Given data Block Start
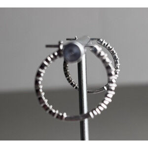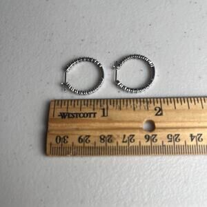 Sterling Silver 925 Hoops Hinged Latch Back Textured Starburst Dainty
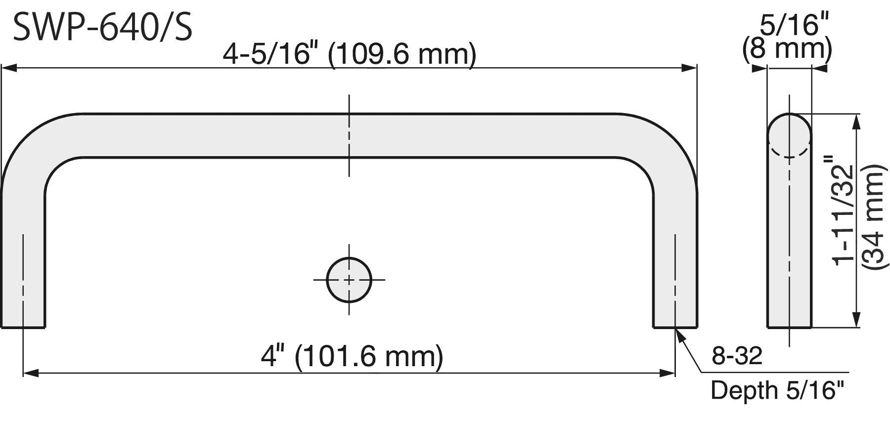 Edelstahlmöbelgriff SUS316, 109,6 mm (4,4″) SWP-640/S. Bügelgriff, aus feinstem korrosionsfreiem Edelstahl V4A (SUS316) für hochwertige Einrichtungen, sowie für den Außenbereich, feuchte, raue und hochkorrosive Umgebungen von Sugatsune / LAMP® (Japan)
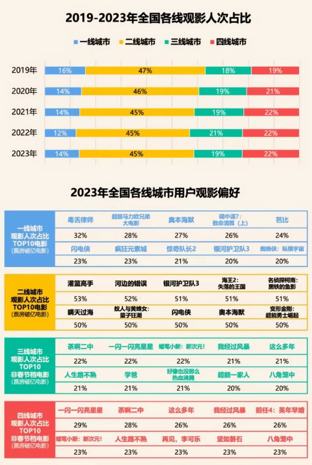 据灯塔,自2019年之后,三四线城市观影人次占比就得到了3%-7%的提升,并且已经逐渐稳定份额。从2023年全国各线城市用户观影偏好也能看出,一二线城市的观影人次占比TOP10中,好莱坞进口片的身影并不少见,而在三四线城市则一个也没有,对比非常鲜明。
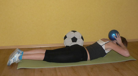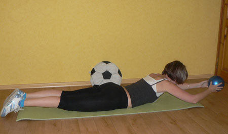 Опускаемся на пол, ложимся на живот, вытягиваемся в одну прямую линию. Мяч между ладонями.
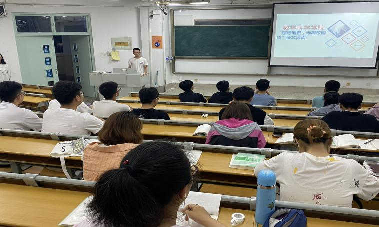首先向同学们介绍什么是校园贷,讲解了校园贷对学生生活的影响与危害,让同学们对校园贷有大致的概念。校园贷,又称校园网贷,是指一些网络贷款平台面向在校大学生开展的贷款业务。校园贷款具有高利贷性质,会滋生借款学生的恶习,若不能及时归还贷款,放贷人会采用各种手段向学生讨债,甚至有不法分子利用“高利贷”进行其他犯罪,同时向同学们播放了几个深受校园贷影响学生的真实案例,使同学们更为真切地认识到校园贷带来的严重后果。最终,本次活动在同学们对校园贷的忖量中拉下帷幕。在报告会结束之际,主持人向各个活动参与者发起文章和平面设计作品的征集,选出的优秀作品将代表学院参加校赛,让同学们能够用不同形式表达自己对校园贷的认识及深刻体会。
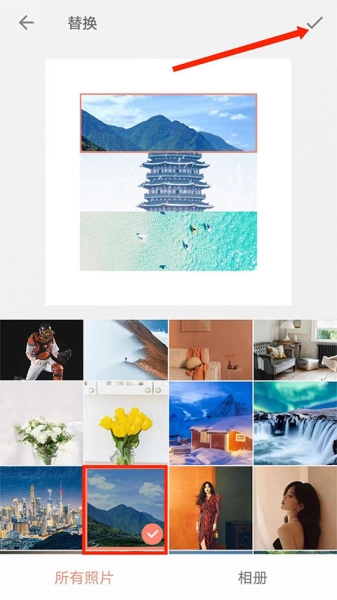 4、跳转至替换界面后,勾选用于替换的图片,点击右上角“打钩”图标,即可完成原图片删除。
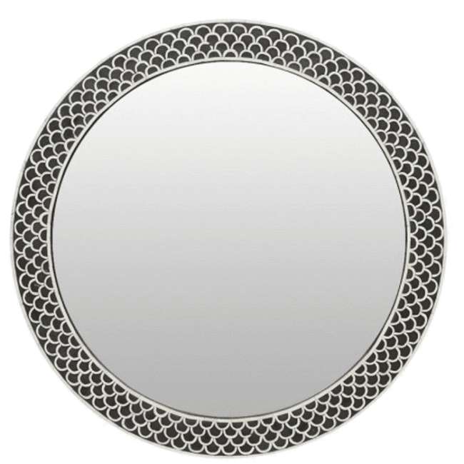 The perfect decorative addition for any room – We present to you our Black Floral Embossed Bone Round Bone Inlay Mirror; with beautifully embossed patterns in a frame of mahogany. The piece is made from high-quality materials and has been fitted with quality hardware for easy mounting on your desired wall or support. A professional touch can be added if required – just let us know what type of design you’d like!
Given data Block End
* _Try it_
Begin at the first line of the material and copy each line exactly through the one containing "Опускаемся на пол, ложимся". Omit pictures.

* _Output for this task_
 Sterling Silver 925 Hoops Hinged Latch Back Textured Starburst Dainty
 Edelstahlmöbelgriff SUS316, 109,6 mm (4,4″) SWP-640/S. Bügelgriff, aus feinstem korrosionsfreiem Edelstahl V4A (SUS316) für hochwertige Einrichtungen, sowie für den Außenbereich, feuchte, raue und hochkorrosive Umgebungen von Sugatsune / LAMP® (Japan)
 据灯塔,自2019年之后,三四线城市观影人次占比就得到了3%-7%的提升,并且已经逐渐稳定份额。从2023年全国各线城市用户观影偏好也能看出,一二线城市的观影人次占比TOP10中,好莱坞进口片的身影并不少见,而在三四线城市则一个也没有,对比非常鲜明。
 Опускаемся на пол, ложимся на живот, вытягиваемся в одну прямую линию. Мяч между ладонями.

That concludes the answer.